## Work to complete
Take the listing from its first line through the line that contains "8、點(diǎn)擊確定以后" and please retype those lines exactly, leaving out the pictures.

[Information shown]

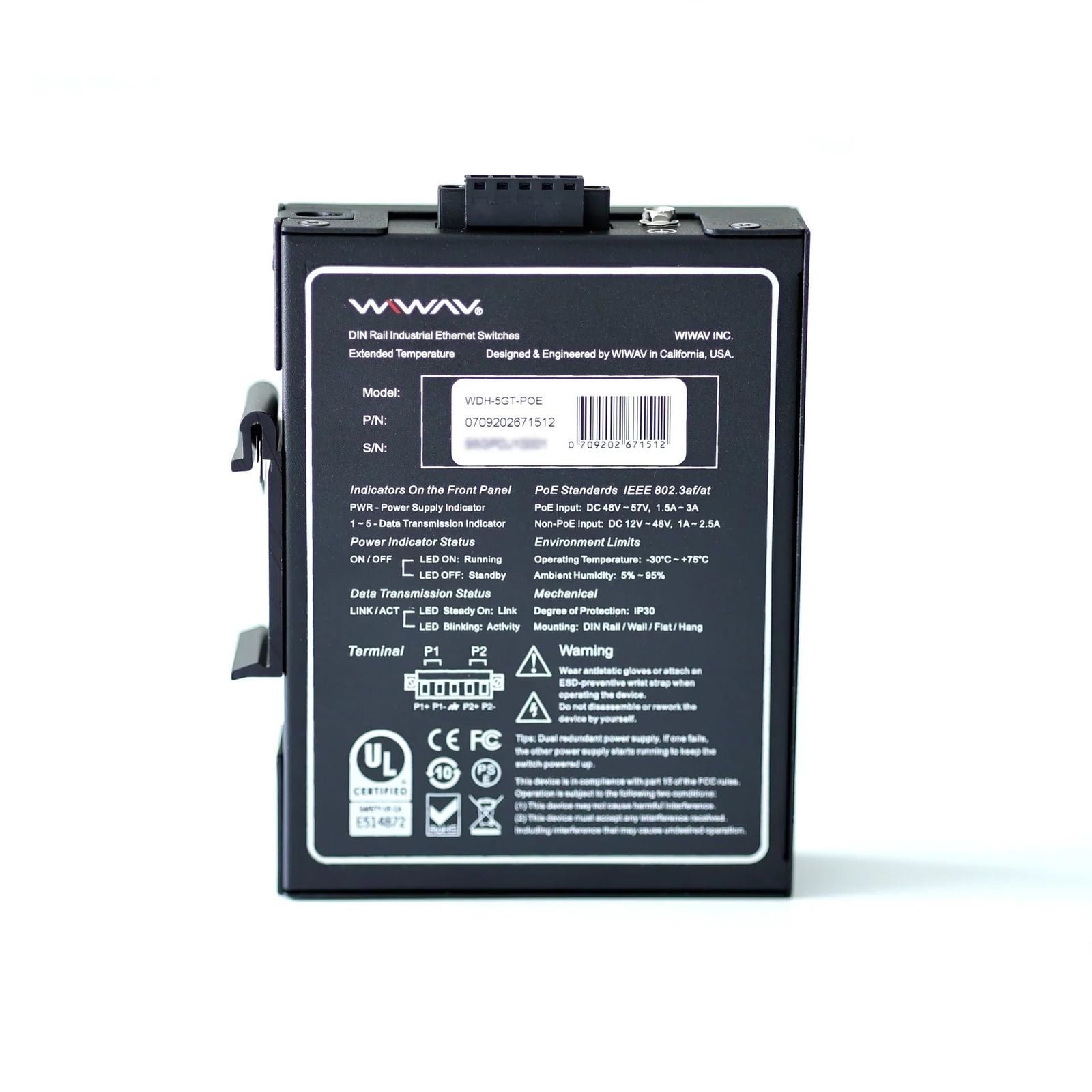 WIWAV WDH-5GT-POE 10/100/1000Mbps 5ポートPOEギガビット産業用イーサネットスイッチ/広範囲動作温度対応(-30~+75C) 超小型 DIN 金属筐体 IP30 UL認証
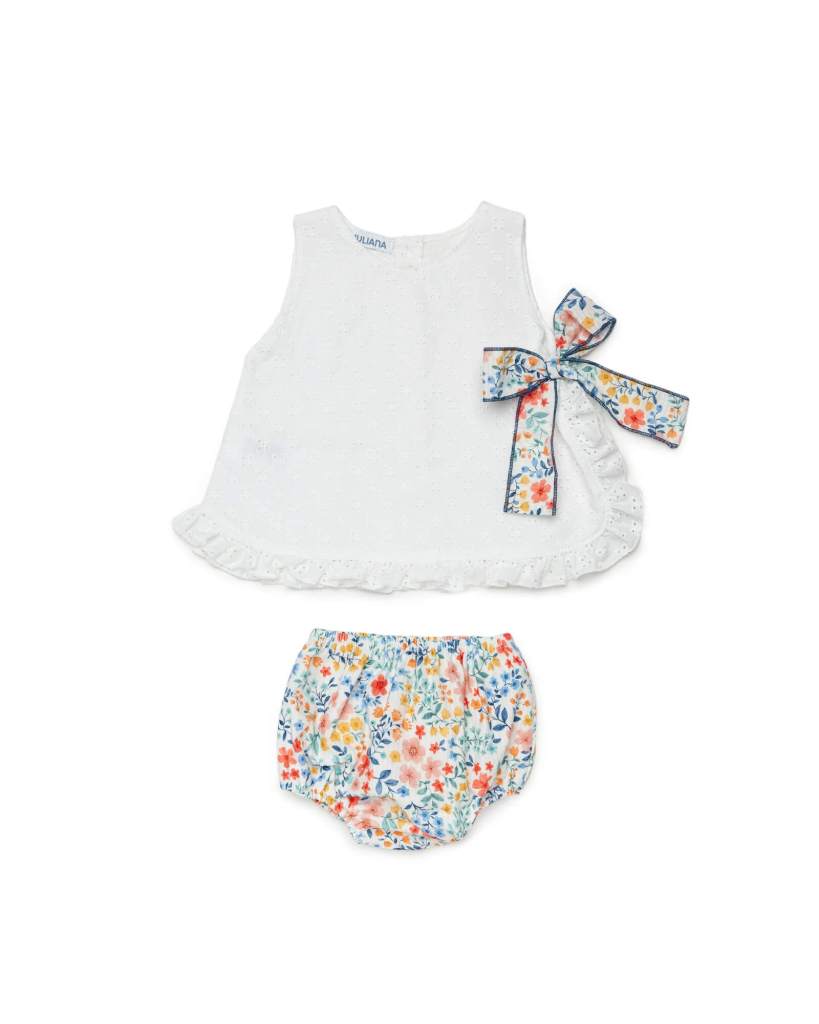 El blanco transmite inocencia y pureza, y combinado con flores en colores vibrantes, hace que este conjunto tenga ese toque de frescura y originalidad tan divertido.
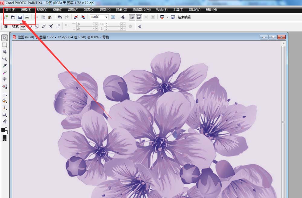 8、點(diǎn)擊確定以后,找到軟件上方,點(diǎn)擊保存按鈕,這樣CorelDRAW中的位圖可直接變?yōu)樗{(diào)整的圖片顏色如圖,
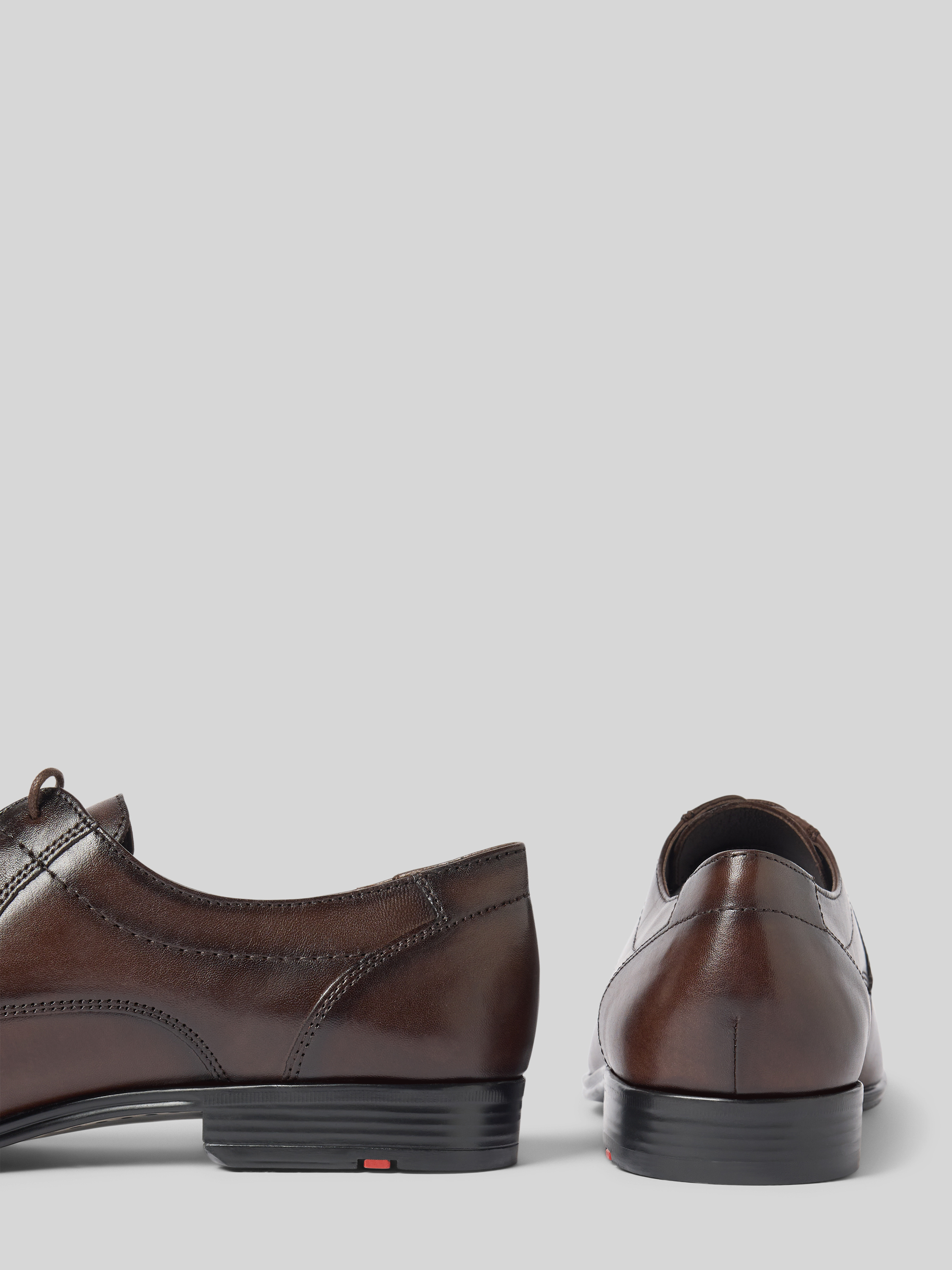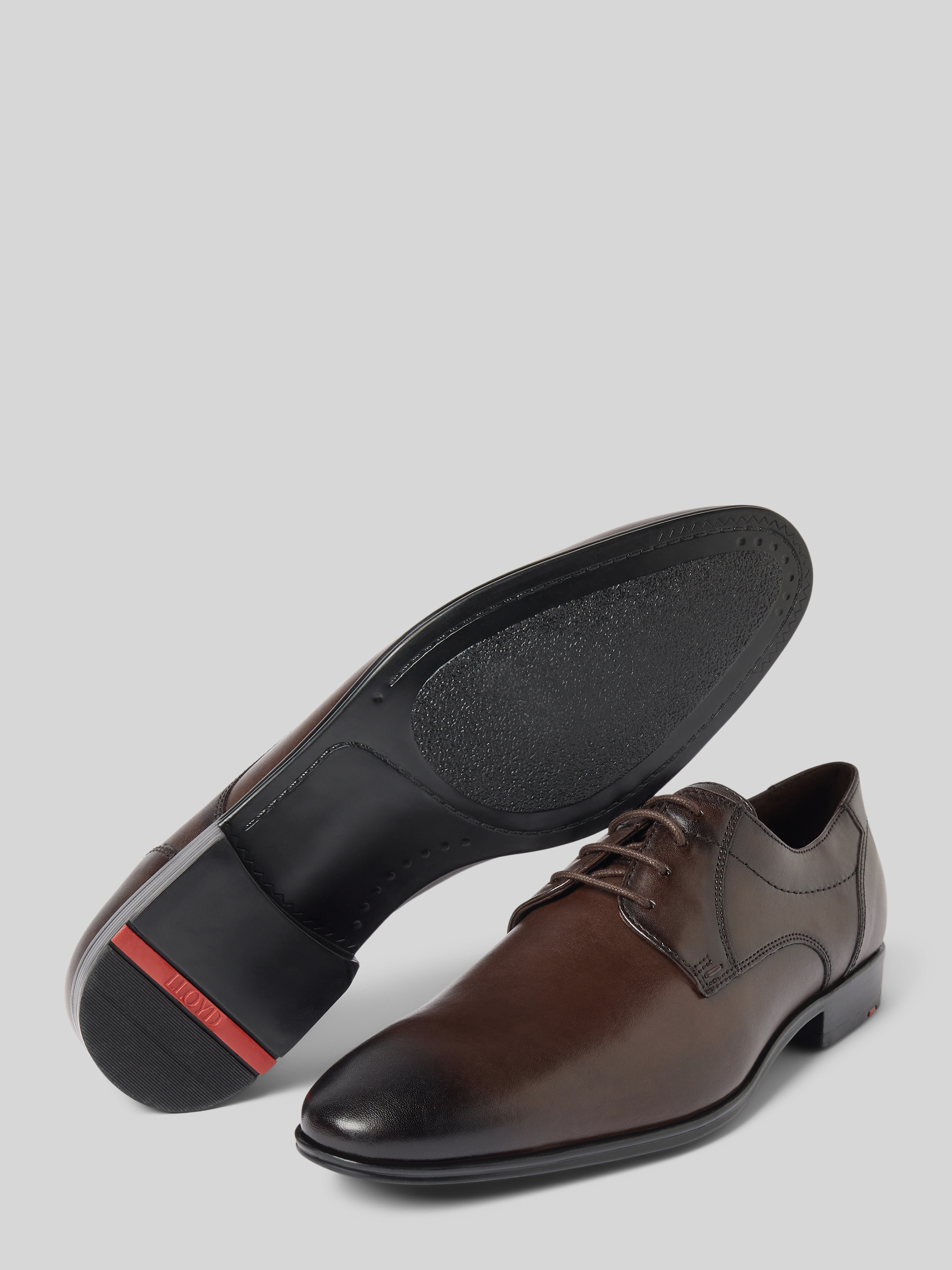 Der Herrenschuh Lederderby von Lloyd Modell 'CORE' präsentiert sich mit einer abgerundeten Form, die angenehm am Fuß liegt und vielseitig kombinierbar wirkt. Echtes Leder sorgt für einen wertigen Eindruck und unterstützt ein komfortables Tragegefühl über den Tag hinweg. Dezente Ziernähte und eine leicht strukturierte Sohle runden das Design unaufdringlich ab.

[/Information shown]

## Response to this exercise
 WIWAV WDH-5GT-POE 10/100/1000Mbps 5ポートPOEギガビット産業用イーサネットスイッチ/広範囲動作温度対応(-30~+75C) 超小型 DIN 金属筐体 IP30 UL認証
 El blanco transmite inocencia y pureza, y combinado con flores en colores vibrantes, hace que este conjunto tenga ese toque de frescura y originalidad tan divertido.
 8、點(diǎn)擊確定以后,找到軟件上方,點(diǎn)擊保存按鈕,這樣CorelDRAW中的位圖可直接變?yōu)樗{(diào)整的圖片顏色如圖,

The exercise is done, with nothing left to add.